### Work instruction
Would you reproduce the data below exactly, please, leaving out its images?
Start of Given information
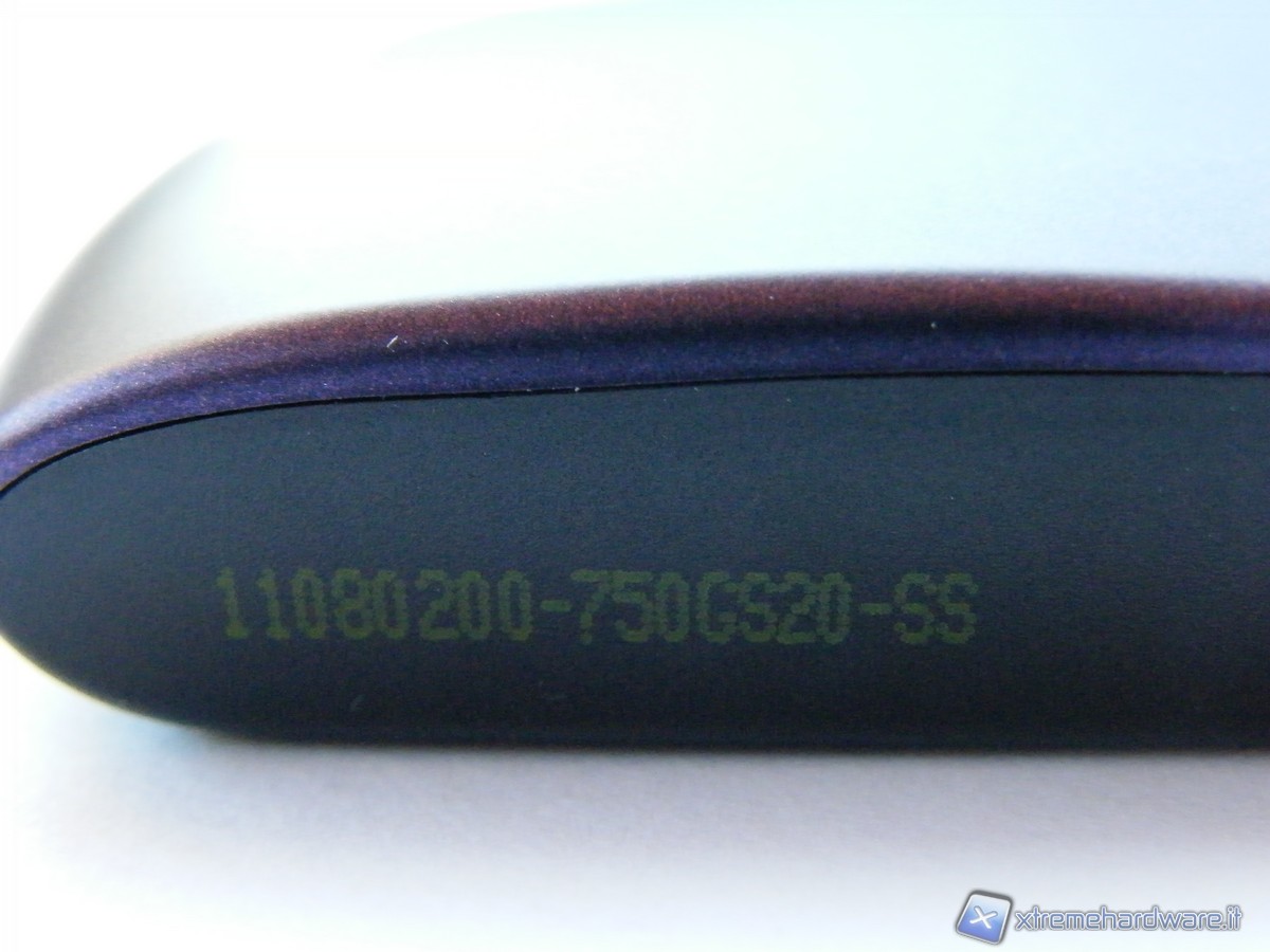 Su di un lato della periferica è presente la porta USB di terza generazione che ci permette di collegare l'S20 a qualsiasi dispositivo dotato di collegamento USB. Ricordiamo che il nuovo standard USB 3.0 è retro compatibile fino alle USB 2.0, ovviamente con le dovute limitazioni di ampiezza di band-width. Sull'altro lato troviamo i numeri di serie relativi al nostro prodotto.
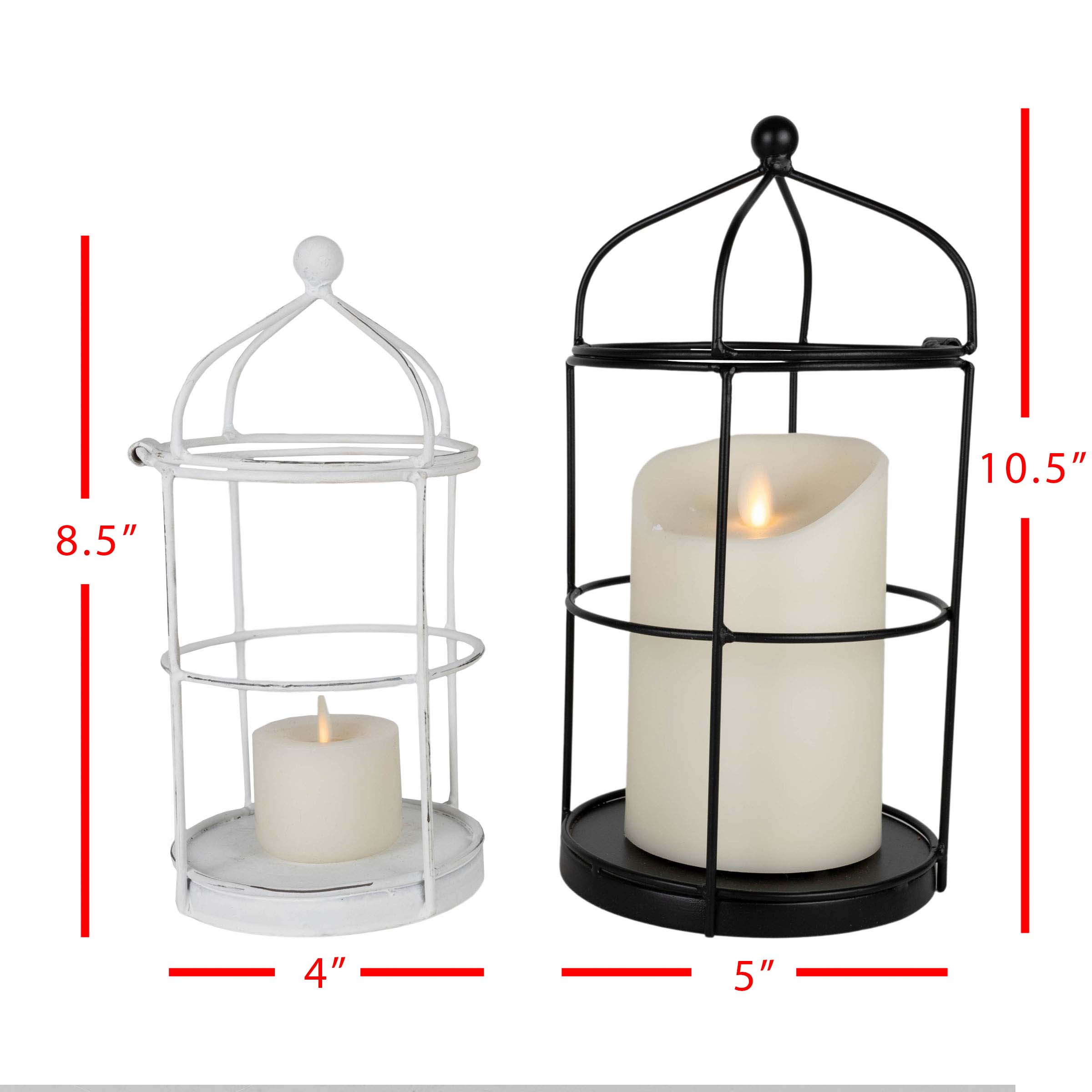 Add the perfect touch of modern design to your home’s aesthetic. Crafted from black and white metal with a hinged top for easy candle access, these become the perfect accessory to your luminary candle display. Place a pillar candle in either holder and display on your mantel or near your fireplace for a welcoming glow. -Style the small and large sizes of the set together for a glowing vignette. -Opens at the top for easy candle access. Top is hinged. -Holds 3" wide candle, not included. -Dimensions: 5 x 5 x 10.25"H, 4 x 4 x 8.5"H; Height with top open: 7.25", 5.75" -Material: Metal -Add a touch of modern design to your home decor. -Perfect for: Clearance, Sale, Farmhouse Home Decor, Home Decor Modern
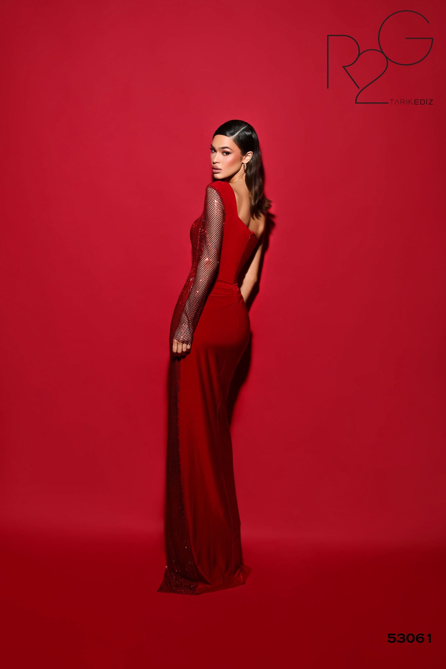 Tarik Ediz 53061 Jersey Fabric One Shoulder Neckline Fitted Long Dress
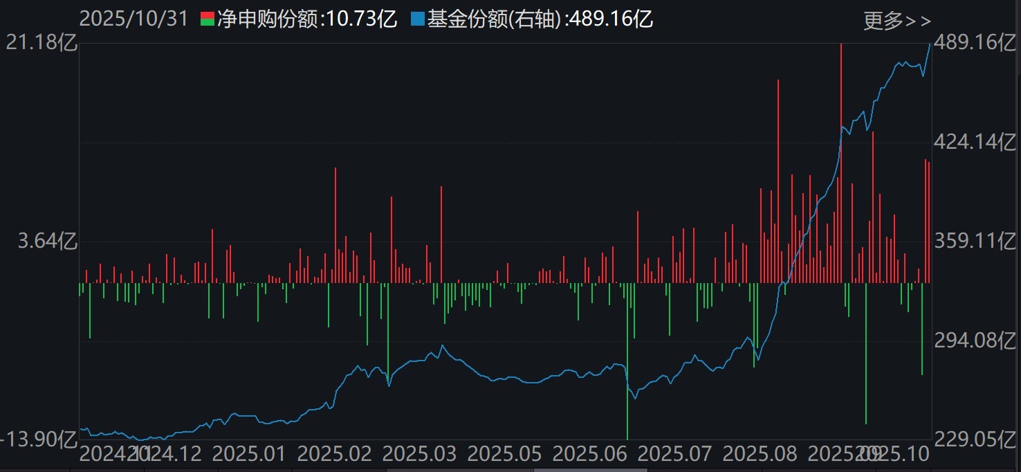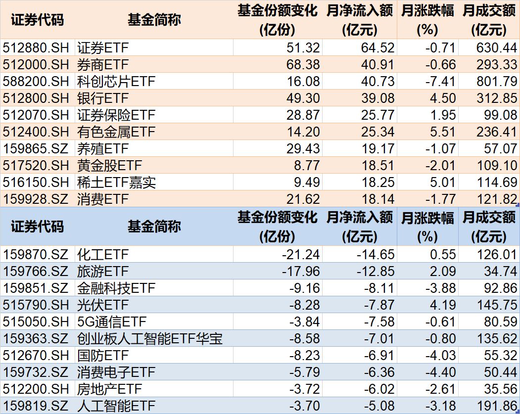 10月行业主题相关ETF资金流动情况 在资金流出方面,化工ETF、旅游ETF和金融科技ETF份额分别减少21.24亿份、17.96亿份和9.16亿份,分别净流出资金14.65亿元、12.85亿元和8.11亿元。 值得注意的是,10月,券商板块持续获资金青睐。证券ETF、券商ETF基金份额一路攀升创出新高。
End of Given information
### Exercise result
 Su di un lato della periferica è presente la porta USB di terza generazione che ci permette di collegare l'S20 a qualsiasi dispositivo dotato di collegamento USB. Ricordiamo che il nuovo standard USB 3.0 è retro compatibile fino alle USB 2.0, ovviamente con le dovute limitazioni di ampiezza di band-width. Sull'altro lato troviamo i numeri di serie relativi al nostro prodotto.
 Add the perfect touch of modern design to your home’s aesthetic. Crafted from black and white metal with a hinged top for easy candle access, these become the perfect accessory to your luminary candle display. Place a pillar candle in either holder and display on your mantel or near your fireplace for a welcoming glow. -Style the small and large sizes of the set together for a glowing vignette. -Opens at the top for easy candle access. Top is hinged. -Holds 3" wide candle, not included. -Dimensions: 5 x 5 x 10.25"H, 4 x 4 x 8.5"H; Height with top open: 7.25", 5.75" -Material: Metal -Add a touch of modern design to your home decor. -Perfect for: Clearance, Sale, Farmhouse Home Decor, Home Decor Modern
 Tarik Ediz 53061 Jersey Fabric One Shoulder Neckline Fitted Long Dress
 10月行业主题相关ETF资金流动情况 在资金流出方面,化工ETF、旅游ETF和金融科技ETF份额分别减少21.24亿份、17.96亿份和9.16亿份,分别净流出资金14.65亿元、12.85亿元和8.11亿元。 值得注意的是,10月,券商板块持续获资金青睐。证券ETF、券商ETF基金份额一路攀升创出新高。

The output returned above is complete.